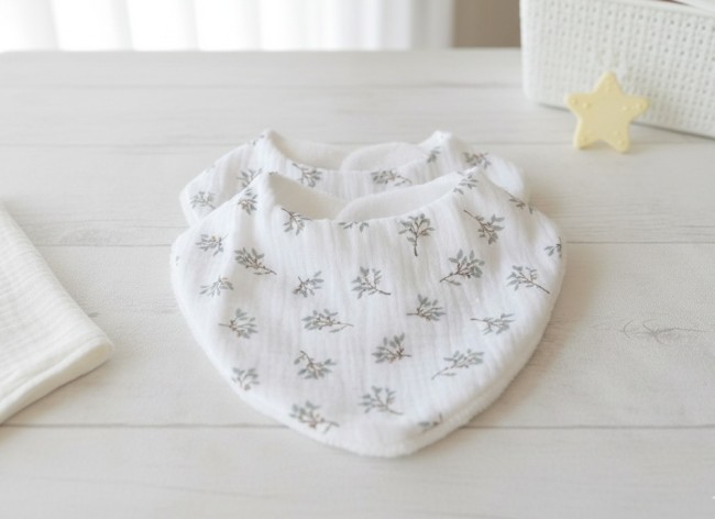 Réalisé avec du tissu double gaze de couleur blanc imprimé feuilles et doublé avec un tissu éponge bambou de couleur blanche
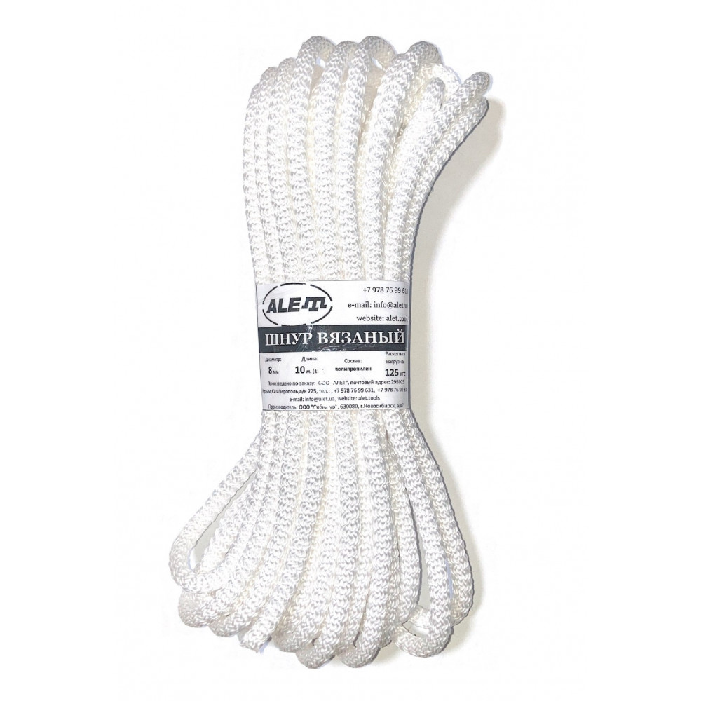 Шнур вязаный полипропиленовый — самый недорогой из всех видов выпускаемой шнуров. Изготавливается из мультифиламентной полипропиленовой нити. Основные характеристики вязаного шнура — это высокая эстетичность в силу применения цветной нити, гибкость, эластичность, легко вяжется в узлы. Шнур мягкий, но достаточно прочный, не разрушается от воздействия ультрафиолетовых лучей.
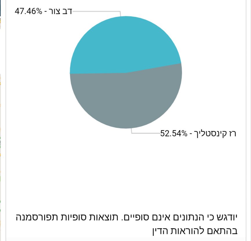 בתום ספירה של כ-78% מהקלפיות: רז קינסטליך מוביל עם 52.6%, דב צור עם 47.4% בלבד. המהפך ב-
+ + + +
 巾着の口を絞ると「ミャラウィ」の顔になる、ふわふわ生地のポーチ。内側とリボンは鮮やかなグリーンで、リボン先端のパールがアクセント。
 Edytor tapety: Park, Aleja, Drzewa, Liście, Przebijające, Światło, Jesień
+ + + +
Print from the line containing "Réalisé avec du" through the line containing "בתום ספירה של" in the data above, exactly as the lines stand, and omit every picture.

 Réalisé avec du tissu double gaze de couleur blanc imprimé feuilles et doublé avec un tissu éponge bambou de couleur blanche
 Шнур вязаный полипропиленовый — самый недорогой из всех видов выпускаемой шнуров. Изготавливается из мультифиламентной полипропиленовой нити. Основные характеристики вязаного шнура — это высокая эстетичность в силу применения цветной нити, гибкость, эластичность, легко вяжется в узлы. Шнур мягкий, но достаточно прочный, не разрушается от воздействия ультрафиолетовых лучей.
 בתום ספירה של כ-78% מהקלפיות: רז קינסטליך מוביל עם 52.6%, דב צור עם 47.4% בלבד. המהפך ב-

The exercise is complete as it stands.